嫣儿看到楚凌轩一脸茫然的回宫时,说:“小姐,你怎么这么快就回来了?”楚凌轩虽已为王妃,但嫣儿还是习惯称她‘小姐’,毕竟以前都一直这样叫,楚凌轩也习惯她这样叫她,便没有改口。

>  听到嫣儿这么一问,楚凌轩这才意识到自己已经回到了翠烟阁。她看了看手里的燕窝粥,随便编了个理由说:“我觉得这次做得太甜,大王他不喜欢吃太甜的东西。还是下次重新做了再给他送过去吧。这个赏你了。”说完便把手里的燕窝粥递给嫣儿,自己转身进屋。

嫣儿也被楚凌轩弄得莫名其妙,但也不好说什么,只小声嘀咕说:“明明这一碗都是重做了好几次才选中的,而且应该走都走到御书房,却又这样原封不动的把它给拿回来了。”她打开尝了尝,觉得既不甜腻,也不清淡,可以说是恰到好处。对于初学者来说,能做到此种地步已属不易。“真不知小姐这是在担心什么,难道大王还会嫌它难吃不成。”不过嫣儿也乐得接受这样的赏赐。

御书房内。

“如果我不叫你,难道你打算一直都这样守在门口么?”

“我不是在等你的传唤么。”

萧飒有些生气的说:“现在天气转凉,你本就畏寒,万一……”

司马绝打断他的话:“你也知道我畏寒,为什么不早点唤我?”

萧飒挑眉:“那这样说来还全都是我的错了?!你自己不知道进来么!”

“我为什么要进来。”

“你……”萧飒被逼得说不出话来,接着无奈的叹口气说:“唉,要怪也只能怪我太宠你了。真是自作孽不可活……”

☆、香雪海,藏蜜酒,煮酒谈天毫无忧

两个人在宫里的日子虽然平淡,却也温馨。两人最常呆的地方自然还是御书房,毕竟身为秦王的萧飒每天都有一大堆的折子等着他批阅。司马绝这个半真不假的御前侍卫自然也是萧飒在哪儿他就在哪儿了。于是通常当萧飒在看折子的时候,司马绝则会安静的呆在一旁看书。偶尔也会帮萧飒研研磨,虽然这活儿本应该是雨墨的,但司马绝也乐得帮萧飒研磨,免得两人的二人世界被他人所扰。

有时萧飒看得累了,抬头看看那坐在一旁安静看书的司马绝,笑容便爬上嘴角。阳光透过窗,洒到司马绝身上,显得其脸愈加白皙。看着那样纤尘不染的司马绝,总能让萧飒心安。跟司马绝处的久了,萧飒越发觉得司马绝的冷漠只是他的伪装,其实他只是个心思单纯,性格可爱之人。

某冬日,萧飒习惯性的抬头,却看到司马绝背对着他站在窗前,凝望着窗外。他轻声地开口问:“绝,你在看什么?”

司马绝回过头,对萧飒报以莞尔一笑道:“今天让我出去半日如何?”

“好。”

没想到萧飒答应得那么爽快,“你都不问我原因么?”

“你一直陪我,也怪闷得慌,出去转转也好。但是不能出宫,最近宫外不太平。”

“嗯,我不出宫。”

“至于原因,我觉得即使我不问你也会告诉我。”

“本来我是真的打算告诉你的,但既然你这样说了,我偏偏不告诉你。那既然你已答应,那我就先走了。回见。”司马绝说完便转身要走。

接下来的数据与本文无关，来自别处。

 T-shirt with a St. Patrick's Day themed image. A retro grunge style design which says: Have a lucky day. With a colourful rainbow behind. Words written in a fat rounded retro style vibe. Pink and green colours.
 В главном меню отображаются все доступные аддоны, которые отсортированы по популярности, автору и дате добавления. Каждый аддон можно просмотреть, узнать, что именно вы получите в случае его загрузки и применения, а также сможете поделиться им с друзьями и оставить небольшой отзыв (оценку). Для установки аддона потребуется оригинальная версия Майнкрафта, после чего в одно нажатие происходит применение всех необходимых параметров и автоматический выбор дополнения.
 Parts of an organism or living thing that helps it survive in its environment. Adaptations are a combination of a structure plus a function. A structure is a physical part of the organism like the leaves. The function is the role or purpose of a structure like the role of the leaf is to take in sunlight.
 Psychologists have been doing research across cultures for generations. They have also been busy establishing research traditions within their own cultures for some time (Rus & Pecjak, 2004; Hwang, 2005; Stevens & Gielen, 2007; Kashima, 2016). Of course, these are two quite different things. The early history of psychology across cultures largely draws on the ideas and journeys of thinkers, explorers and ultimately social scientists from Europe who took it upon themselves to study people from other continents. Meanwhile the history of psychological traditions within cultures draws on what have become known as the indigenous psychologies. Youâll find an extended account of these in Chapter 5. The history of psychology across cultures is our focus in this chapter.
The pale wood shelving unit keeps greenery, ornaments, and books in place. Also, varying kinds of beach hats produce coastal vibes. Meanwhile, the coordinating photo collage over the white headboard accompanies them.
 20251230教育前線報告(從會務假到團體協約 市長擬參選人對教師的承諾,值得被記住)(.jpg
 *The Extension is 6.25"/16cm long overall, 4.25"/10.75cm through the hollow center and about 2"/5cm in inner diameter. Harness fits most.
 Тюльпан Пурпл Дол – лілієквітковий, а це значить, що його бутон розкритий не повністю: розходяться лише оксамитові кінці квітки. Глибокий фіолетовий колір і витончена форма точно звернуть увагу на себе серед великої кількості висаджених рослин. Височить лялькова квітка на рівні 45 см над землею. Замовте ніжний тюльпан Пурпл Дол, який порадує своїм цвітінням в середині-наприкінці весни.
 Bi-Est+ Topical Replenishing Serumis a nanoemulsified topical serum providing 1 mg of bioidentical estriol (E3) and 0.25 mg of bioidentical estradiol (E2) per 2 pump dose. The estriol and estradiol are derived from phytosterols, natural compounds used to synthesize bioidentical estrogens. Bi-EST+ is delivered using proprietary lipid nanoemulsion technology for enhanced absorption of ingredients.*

司马绝才走到门口,萧飒似想起什么似的,叫住司马绝说:“等等。”

司马绝不明所以的转身,“怎么了,这么快便反悔了不成?”

萧飒朝司马绝走去,手里还拿了件雪白的狐裘披风。走到司马绝面前后,为他披上:“下雪了。外面比不得屋里暖和,多穿点,别着凉了。”

司马绝笑着点点头,什么都没说,复转身出门。

“早去早回。”

“嗯,我会的。”

待司马绝走远后,萧飒招来碓冰兄弟问:“上次让你们查的刺客的事儿有结果了吗?”

“回禀大王,经属下们调查那些人应该不是属于同一个组织,甚至可能不是同一国人,但却又有其相似之处。属下现在虽没有明确证据,但是属下以为上次的行刺应该是有人统一策划,再联合各国高手,想借此机会动摇秦国根基。但由于刺客都服毒自尽,线索便断,很难做进一步的追查。还请大王恕罪。”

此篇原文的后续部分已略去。